If you ask me, this is where the insane Flanderization kicked in. The show started really leaning into its themes. Jeff Probst himself became a caricature of his earlier days and started hammering season themes to death at tribal council. In Millennials vs Gen X, he had to frame every decision from the perspective of what it meant to be from either generation. In Survivor: Ghost Island, Jeff harped on curses from past seasons that may or may not really have been cursed.
Of course, it would be impossible to mention this era of Survivor without mentioning the Final Four fire-making twist that was introduced in Survivor: Heroes vs Healers vs Hustlers. Because production was getting frustrated with multiple fan favorites being knocked out at final four, whereas it used to be at final three when only two people made it to final tribal council, production doubled down on their decision and made fire-making mandatory to survive the final four. Now, someone set to be voted out at final four had a last second chance at saving themselves through making fire (looking at you Ben Driebergen).
Fast-forward to the present time. We are less than a month away from Survivor 38, Survivor: Edge of Extinction. On this season, we will have four returning players, of whom three will be playing for their third time. Players who are voted out will be sent to Extinction Island. Think of it like a more extreme version of Redemption Island. There will be two chances to return to the game: at the merge and near the end.
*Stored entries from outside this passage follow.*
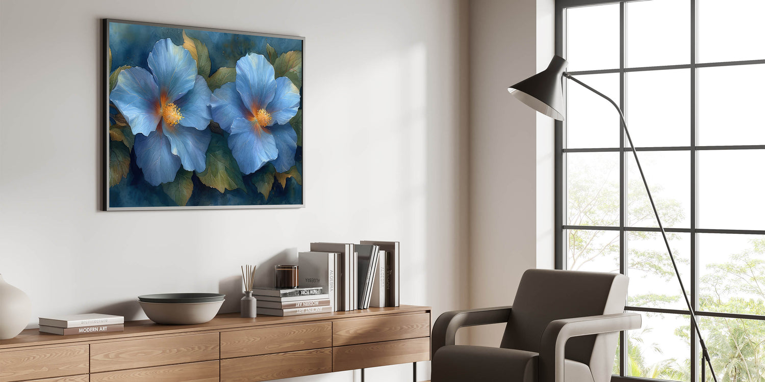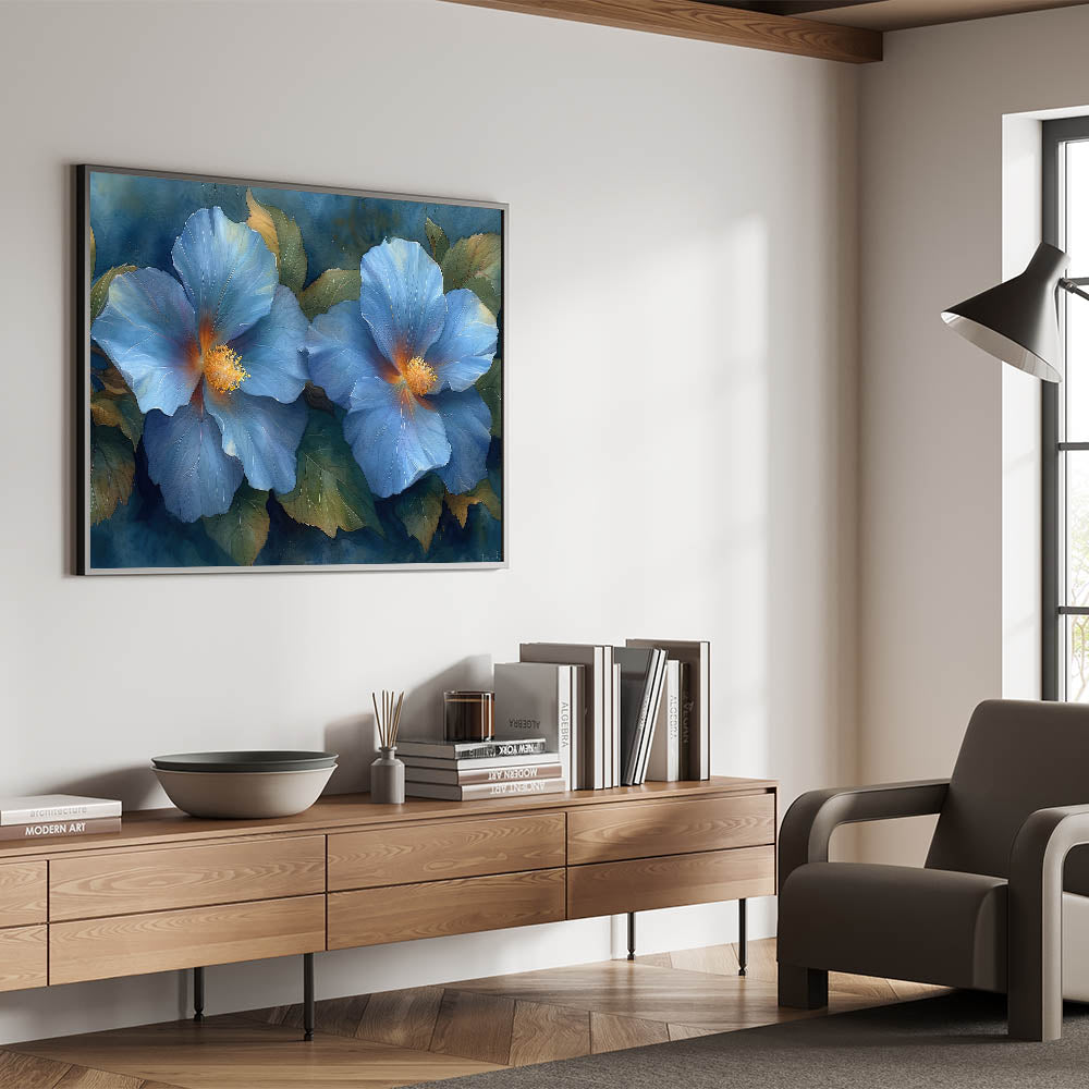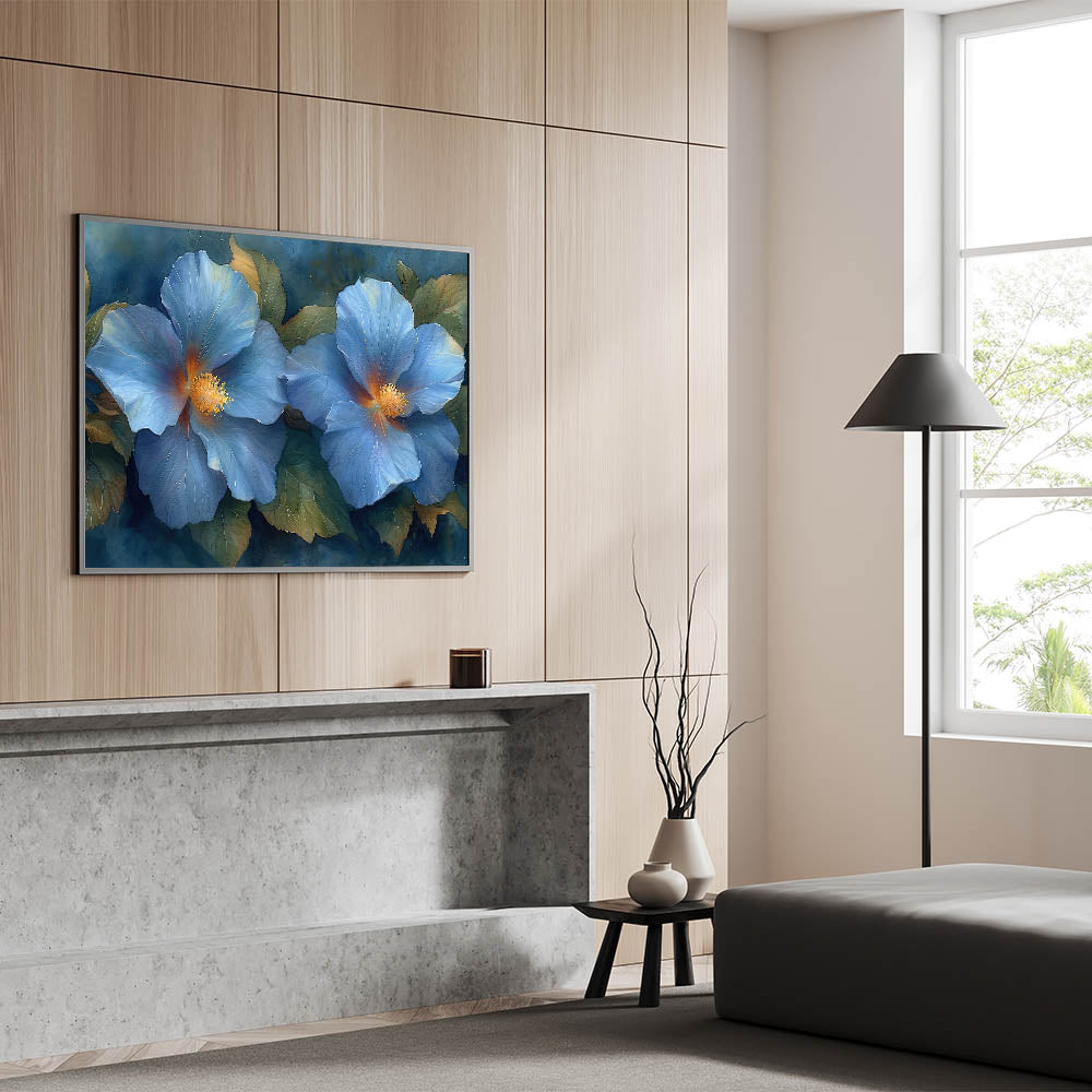 Elegant Blue Flower Glam Wall Art – Luxury Botanical Glam Decor
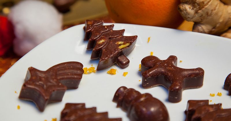 Cioccolatini al cacao crudo in una variante che profuma di Natale, con zenzero fresco e scorza d’arancia.
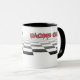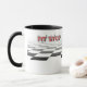 Pit Stop Racing Crew Mug - as cores são branca, preta, vermelha e cinza.
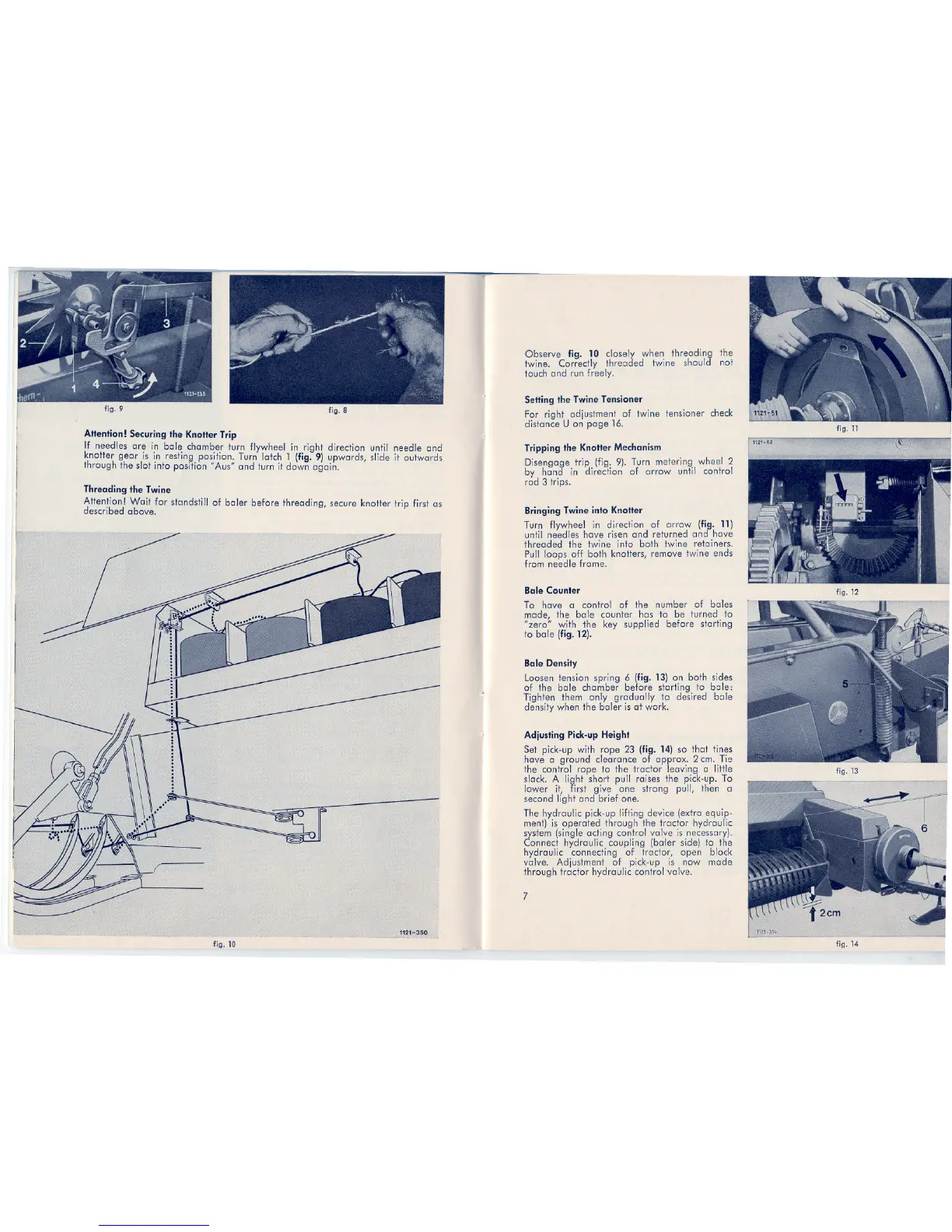 knotter geer is in resting position. Turn lolch 1 (fig. 9) upwards, slide it outwards
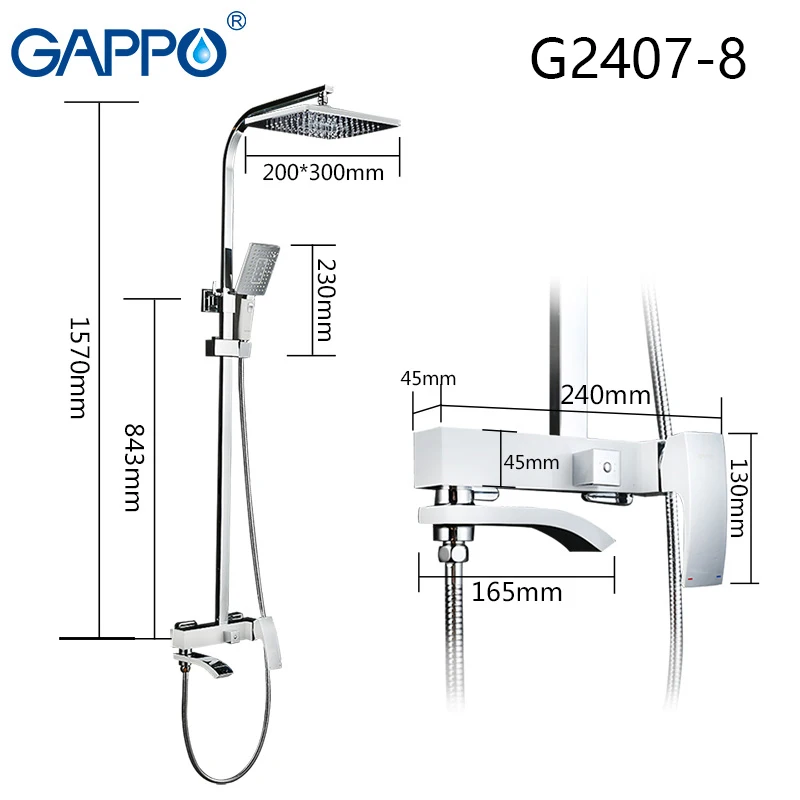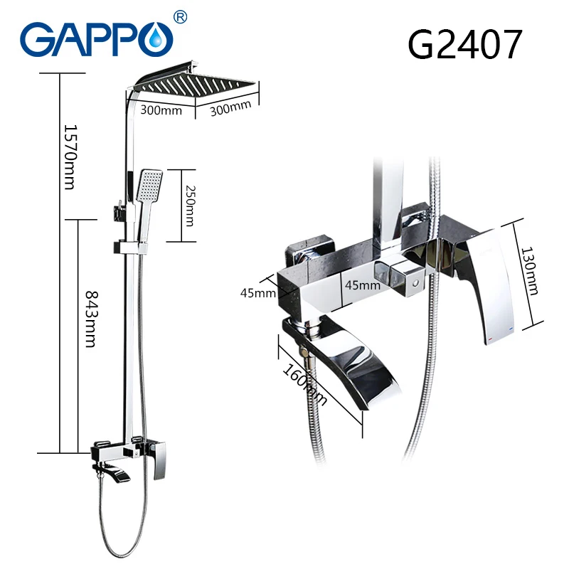 GAPPO ensemble de robinets de douche Cascade murale de baignoire robinet mitigeur de baignoire-douche pomme de mélangeur chromée salle de bain-douche ensemble G2407.

Players may leave Extinction Island at any time or stay until the end where the final player wins their chance to return.
That means that all 18 contestants could theoretically still be in the game on day 39. How does the jury work? How will this twist work in conjunction with the F4 fire-making twist? How will exit interviews work? Why is the show suddenly using quitting, an act Jeff and production have despised since Osten did it way back in Pearl Islands, as a legitimate method to leave a season?
All of these changes happened over time but like Ned Flanders, comparing the first season to the current is a striking change. If a Survivor fan from the early 2000s had been frozen and then thawed in the current day, they would understand almost 0% of a current Survivor season. I understand that production was never going to remain stagnant on the show’s formula, we wouldn’t be at season 38 without changes. For better or for worse, the show had to change and now here we are, on the precipice of potentially the weirdest season of Survivor we will ever get. It would only be weirder if somehow, Ned Flanders himself was cast for the show.